» REQUIRED WORK: Exclude the pictures and set down, unaltered, the lines from the one that holds "Určuje soubor výkresové" through the end of the data.

START MATERIAL TO PROCESS

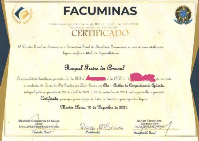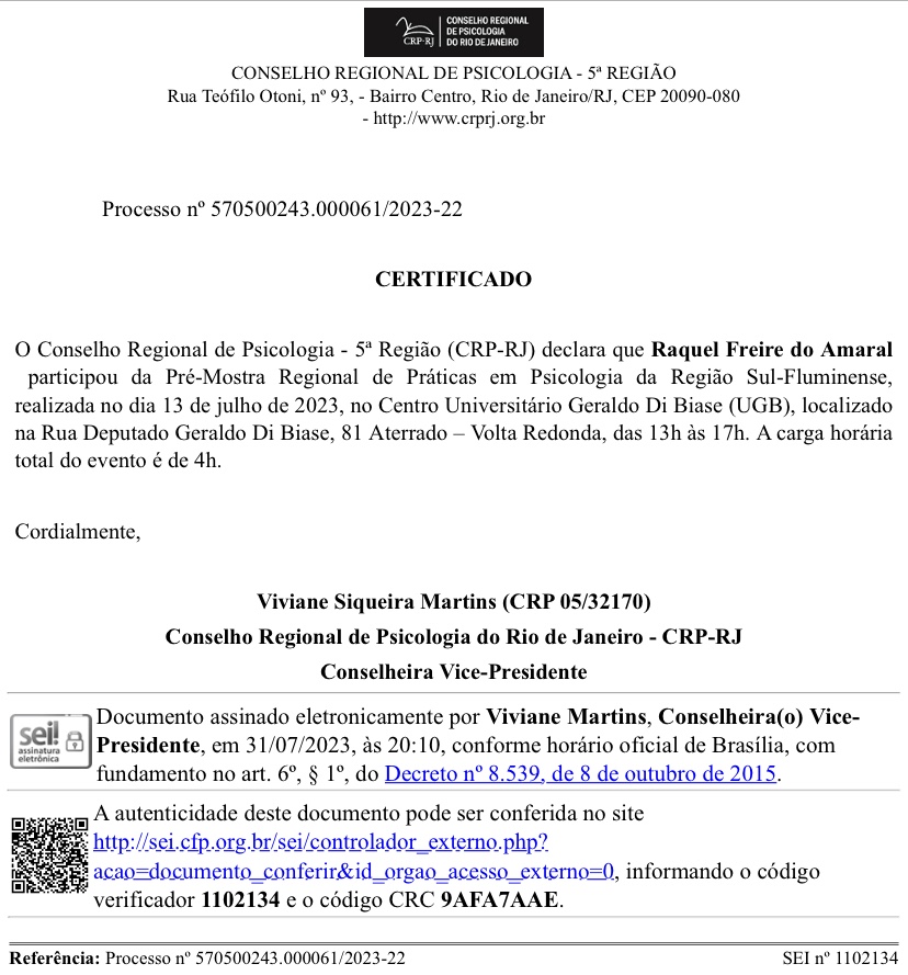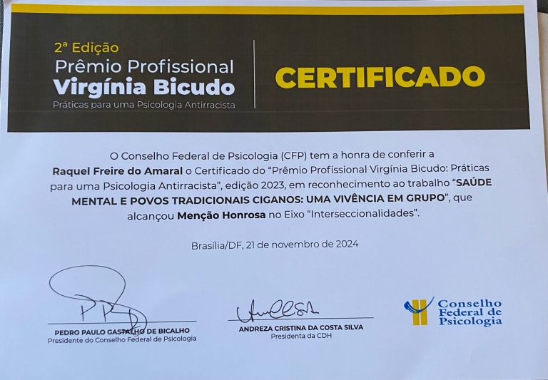 Em especial destaque à Menção Honrosa emitida pelo Conselho Federal de Psicologia:
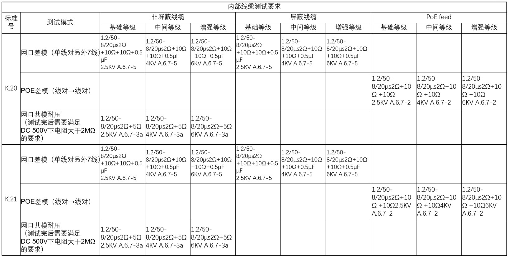 根據(jù)ITU-T K.20/K.21的測試要求,網(wǎng)口常見的測試等級如下:
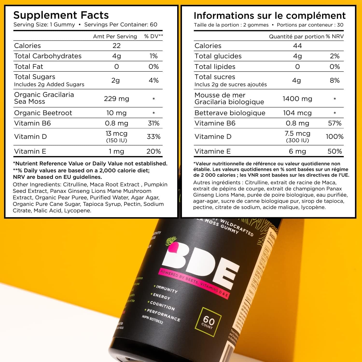 BDE gummy sea moss maca root lions mane vegan beets ginsengBDE gummy sea moss maca root lions mane vegan beets ginseng
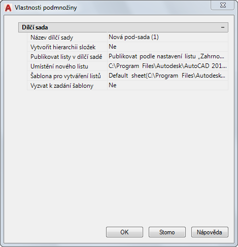 Určuje soubor výkresové šablony (DWT) a název rozvržení, který je použit při tvorbě nových výkresových souborů v této podsadě.
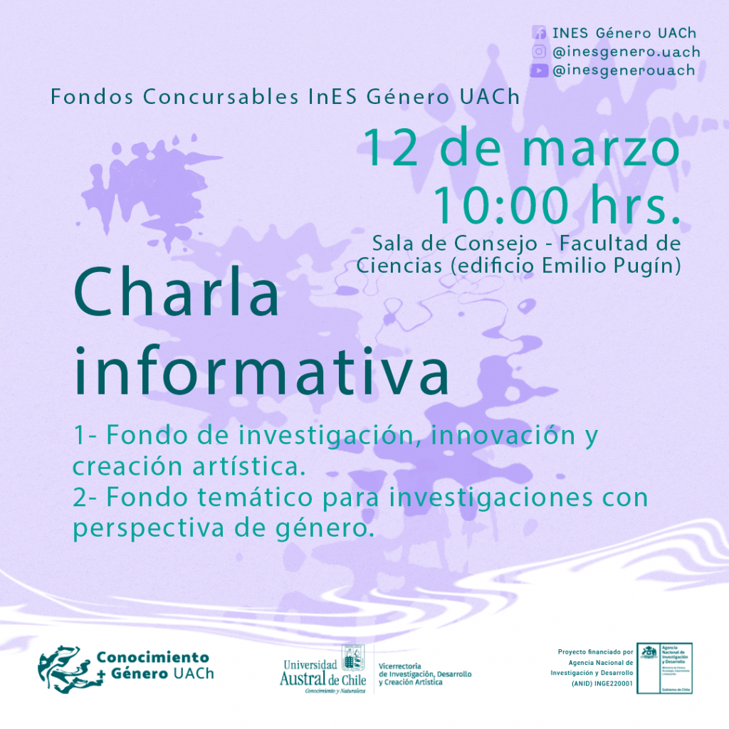 El Proyecto InES Género UACh y la Vicerrectoría de Investigación, Desarrollo y Creación Artística, invitan la comunidad universitaria a la Charla informativa de los Fondos InES Género UACh que se encuentran en periodo de postulación hasta el 5 de abril 2024. La actividad se realizará el martes 12 de marzo a las 10:00 horas en la Sala de Consejo de la Facultad de Ciencias (4° piso edificio Emilio Pugín)

END MATERIAL TO PROCESS

» ANSWER FOR THE TASK:
 Určuje soubor výkresové šablony (DWT) a název rozvržení, který je použit při tvorbě nových výkresových souborů v této podsadě.
 El Proyecto InES Género UACh y la Vicerrectoría de Investigación, Desarrollo y Creación Artística, invitan la comunidad universitaria a la Charla informativa de los Fondos InES Género UACh que se encuentran en periodo de postulación hasta el 5 de abril 2024. La actividad se realizará el martes 12 de marzo a las 10:00 horas en la Sala de Consejo de la Facultad de Ciencias (4° piso edificio Emilio Pugín)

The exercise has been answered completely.